Shopping Smartly, Because “I Ain’t Rich” . . . .

   OK, so the most frustrating thing I have encountered to date, aside from waiting on the visual results  of this pregnancy . . . . is not yet knowing the gender of this kid! (I mean, confirming that it’s a boy…)

   The first thing we have wanted to do is run out and buy stuff. I’m excited, I want to get stuff and start preparing now. I want my kid to have a thousand different outfits so he looks differently cute every day of the year, and a badass stroller that we can go anywhere in, and a cool spinny sit-in toy station… I want to discover a way to make tons of money so I don’t have to budget and only buy so much at a time. . . . . . Any of you that might be filthy rich reading this, send me a DNA sample. . . . I know we are related somehow, you know Uncle Frank, right????

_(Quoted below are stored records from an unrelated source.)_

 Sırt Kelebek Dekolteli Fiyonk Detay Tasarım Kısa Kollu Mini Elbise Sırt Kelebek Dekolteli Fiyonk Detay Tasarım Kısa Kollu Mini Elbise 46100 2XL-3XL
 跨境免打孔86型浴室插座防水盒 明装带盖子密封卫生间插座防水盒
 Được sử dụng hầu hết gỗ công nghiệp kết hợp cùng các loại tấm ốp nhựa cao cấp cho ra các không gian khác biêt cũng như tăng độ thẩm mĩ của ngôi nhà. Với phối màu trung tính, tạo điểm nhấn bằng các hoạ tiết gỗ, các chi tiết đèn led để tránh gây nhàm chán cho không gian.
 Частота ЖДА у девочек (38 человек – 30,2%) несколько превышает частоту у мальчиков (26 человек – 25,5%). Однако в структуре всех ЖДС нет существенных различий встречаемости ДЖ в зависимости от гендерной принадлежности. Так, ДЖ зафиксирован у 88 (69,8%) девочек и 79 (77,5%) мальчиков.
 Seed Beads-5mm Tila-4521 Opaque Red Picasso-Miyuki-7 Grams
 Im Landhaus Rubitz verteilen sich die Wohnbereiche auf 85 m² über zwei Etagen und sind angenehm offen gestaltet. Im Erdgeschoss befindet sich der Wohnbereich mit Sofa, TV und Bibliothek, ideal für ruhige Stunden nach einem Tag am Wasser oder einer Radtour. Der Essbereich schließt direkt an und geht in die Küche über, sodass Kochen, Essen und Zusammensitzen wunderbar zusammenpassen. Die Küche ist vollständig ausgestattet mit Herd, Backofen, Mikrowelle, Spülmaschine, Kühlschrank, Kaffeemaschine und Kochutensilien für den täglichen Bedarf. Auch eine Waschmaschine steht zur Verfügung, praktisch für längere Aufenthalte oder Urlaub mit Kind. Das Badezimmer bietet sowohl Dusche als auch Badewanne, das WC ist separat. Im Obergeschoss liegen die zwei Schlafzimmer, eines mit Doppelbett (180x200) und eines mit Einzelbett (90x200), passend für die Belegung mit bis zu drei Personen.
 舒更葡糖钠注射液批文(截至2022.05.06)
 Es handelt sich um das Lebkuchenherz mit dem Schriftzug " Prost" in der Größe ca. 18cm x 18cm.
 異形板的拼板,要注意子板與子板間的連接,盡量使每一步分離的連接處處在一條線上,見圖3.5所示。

   Anyways. We have been taking to the yard sales for things like onesies and the newborn type clothes. I have had mixed responses when telling people that we are buying used baby clothes. Some are less than excited to hear such a thing and I am forced to have a battle of wits with them, which I always end up winning. . . .

Me: “Yeah, we are having a kid, I am super excited. Don’t know if it’s a boy or girl yet, so we have started getting ‘neutral’ kinda stuff at like yard sales, just basic preparations, you know? Onesies and stuff like that.”

Random Irritating-Opinioned Person (RIOP): “YARD SALES!? Like, USED stuff?? For a BABY?!”

Me: “Well, yeah. Once you wash it, what’s it matter. The kid is just going to puke all over it anyways and it’s only going to fit for a couple months…”

RIOP: “It’s not CLEAN and NEW.” (I’d like to point out the all caps are that irritating stress people put on words, like you are an idiot and need EXTRA EMPHASIS on CERTAIN WORDS which are spoken a LITTLE BIT SLOWER so that their point is REALLY MADE. . . . .)

Me: “Well, they make detergents that kill bacteria nowadays, it’s not like the 1800’s where you washed clothes in a creek bed. And NEW just means expensive in terms of clothing. We don’t really do useless expensive…”

RIOP: “I guess if you want your kid wearing secondhand clothes with puke stains all over them…”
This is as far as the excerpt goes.